W|EPC Risks: Venture Global – Calcasieu Pass LNG – Keeping An Eye On Pile Design Changes

Key Takeaways:
• An engineering design change at Calcasieu Pass (CPLNG) required additional piling and out of sequence construction activities.
• Meaningful engineering changes during construction & fabrication can undermine the benefits of modularization, by creating cost overruns and delays.
• No Related Delays Are Visible Yet. However, we should get a better view of the actual impact as Calcasieu enters the mechanical phases of fabrication and construction – where the ramification of errors or changes becomes more evident.

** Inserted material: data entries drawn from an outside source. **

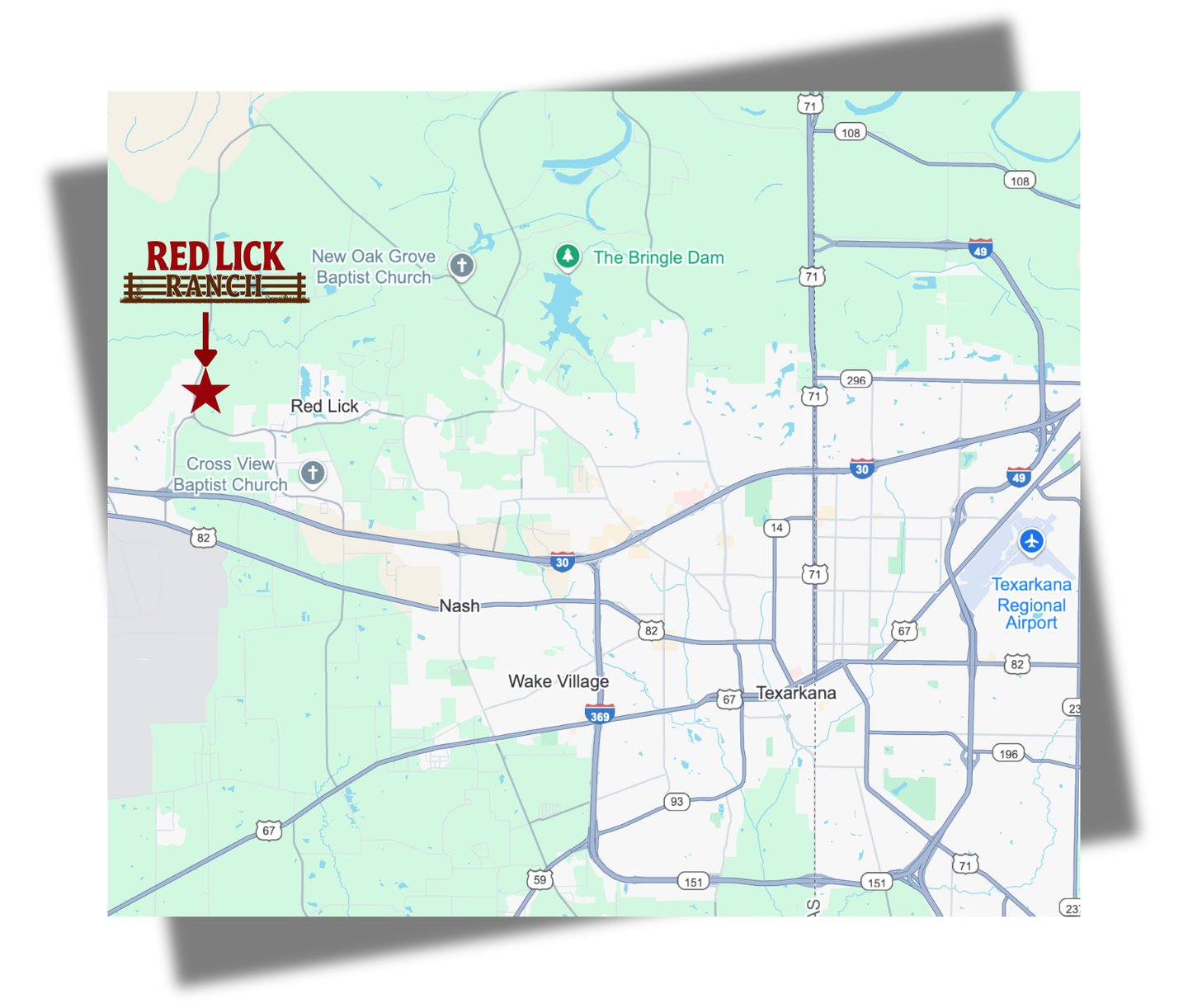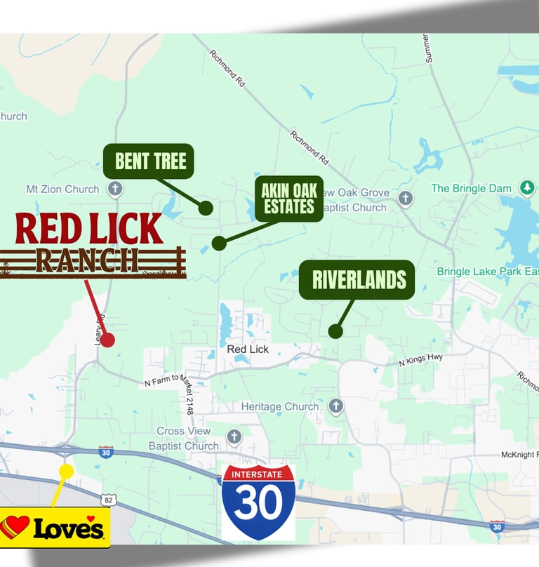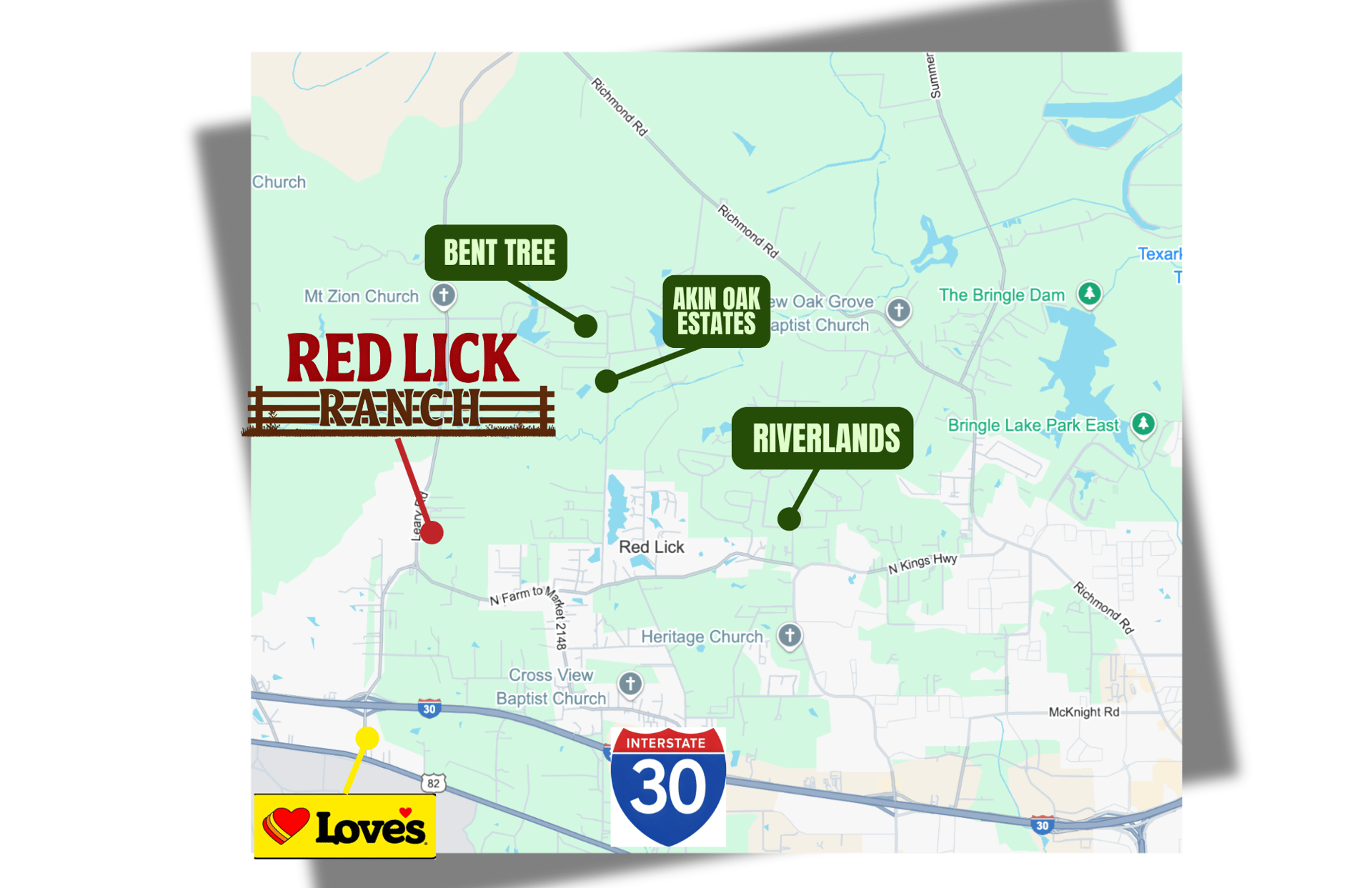 Red Lick Ranch is a new subdivision from Cleve Batte Construction and Texarkana Developers Inc and is located just west of Texarkana, Texas. Easily accessible, it is a couple of minutes from the Leary 213 exit on Interstate 30. A nearby Love's Travel Stop and Dollar General provides gas, food, and shopping. Texarkana is just a short drive away.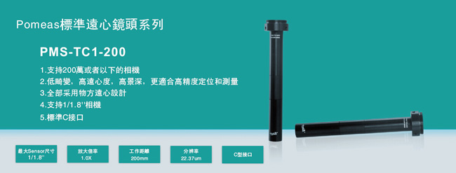 标准C型接口远心镜头PMS-TC1-200规格参数: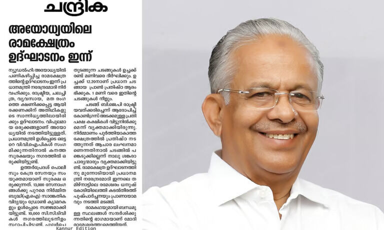 മലപ്പുറം: ബാബരി മസ്ജിദ് തകര്ത്ത സ്ഥലത്ത് നിര്മിക്കുന്ന രാമക്ഷേത്ര പ്രാണപ്രതിഷ്ഠ ചടങ്ങ് റിപ്പോര്ട്ട് ചെയ്തതില് മുസ്ലിം ലീഗ് മുഖപത്രമായ ചന്ദ്രികയ്ക്ക് വീഴ്ച്ച സംഭവിച്ചതായി ലീഗ് ദേശീയ ഓര്ഗനൈസിങ്ങ് സെക്രട്ടറി ഇ ടി മുഹമ്മദ് ബഷീര് എം പി. ബാബറി മസ്ജിദ് തകര്ത്താണ് അയോധ്യയില് ക്ഷേത്രം നിര്മ്മിച്ചത് എന്നത് വാര്ത്തയില് ഉള്പ്പെടാത്തത് പോരായ്മയാണ്.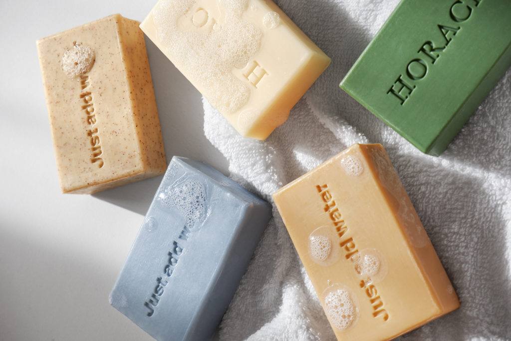 Les pains de savons HORACE sont enrichis en huile de coco afin de les rendre surgras et donc doux pour la peau. Le pain de savon est un objet sur lequel nos yeux se posent quotidiennement. Pour cette raison, nous avons rendu chacun des pains de savons unique par sa couleur. Le pain de savon surgras classique Bergamote d’Italie & Menthe poivrée est blanc cassé, le Fleur d’Oranger & Petitgrain est orange, le Menthe poivrée & Arbre à thé est bleu, le pain de savon surgras exfoliant est beige et enfin le cèdre de Virginie et feuille de sauge est vert. Chacun est ainsi reconnaissable en un clin d’oeil, par sa couleur, et son parfum.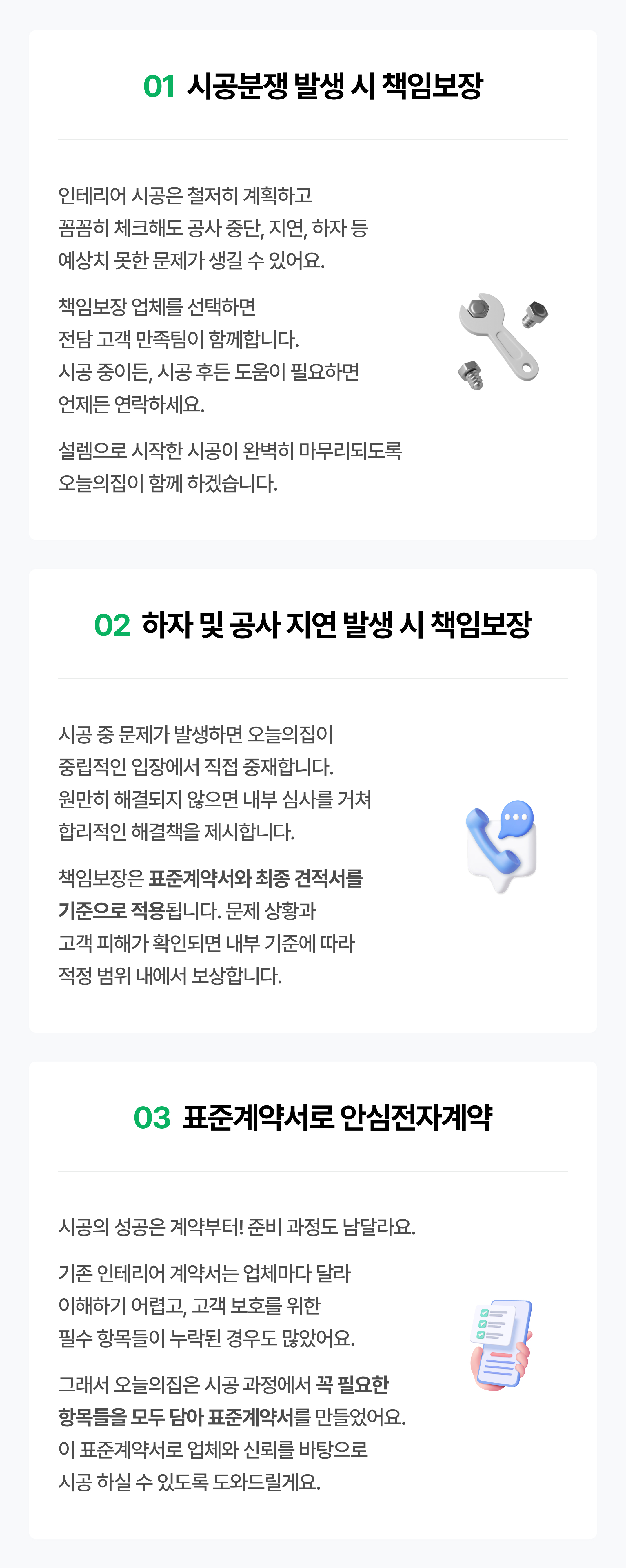 거기다 만일 분쟁 등으로 인해 시공 지연이 발생했고 이로 인해 고객 손실이 있었다면 시공사 귀책이 확인된 경우 숙박비, 짐 보관료를 포함해 하루 최대 25만원까지 현금 보상도 제공해 드립니다. 당연히 시공 계약에 명시된 사후관리(AS, 최소 1년)도 확실히 보장하고 있습니다.

Keeping An Eye Out For Material Quantity Growth. On May 22nd, 2020, CPLNG requested FERC approve eight (8) additional piles in the Pre-Treatment Common Pipe Rack 27X (PTC27X) area due to changes in the pipe stress data. Pipe stress calculations are developed to ensure the piping design and layout can support the expansions and contractions caused by processing hydrocarbons. Pipe stress data is one of the most important elementsin determining the piping layout, structural steel design, material quantities needed for the CPLNG modules, and pile layout.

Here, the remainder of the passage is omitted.